*** Material provided Section Begins ***

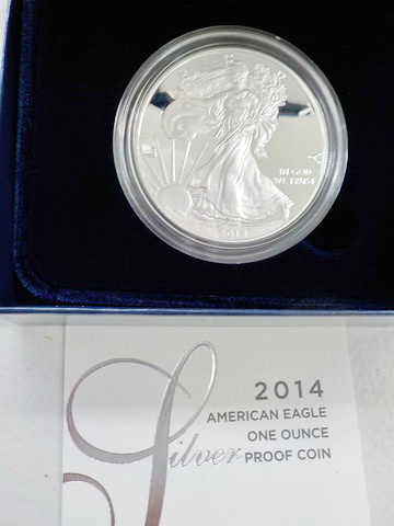 silver dollar, 2014 Amer. Eagle 1 oz. proof silver coin, (2) San Francisco Old
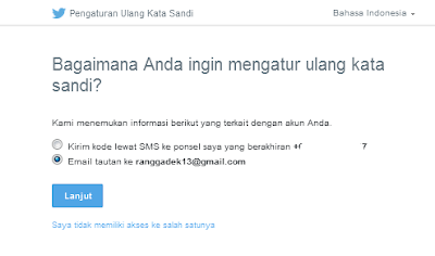 3. Selanjutnya pilih Email tautan ke email Anda, namun jika Anda memasukkan nomer hp pilih pada Kirim kode lewat sms ke nomerhp Anda dan klik pada Lanjutkan.
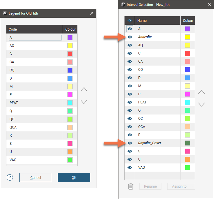 Note that the Andesite code in the New_lith column uses the colour yellow, whereas the manually defined code uses purple.

*** Material provided Section Ends ***

The task: An exact transcript of the listing is needed, free of pictures.

Exercise result:
 silver dollar, 2014 Amer. Eagle 1 oz. proof silver coin, (2) San Francisco Old
 3. Selanjutnya pilih Email tautan ke email Anda, namun jika Anda memasukkan nomer hp pilih pada Kirim kode lewat sms ke nomerhp Anda dan klik pada Lanjutkan.
 Note that the Andesite code in the New_lith column uses the colour yellow, whereas the manually defined code uses purple.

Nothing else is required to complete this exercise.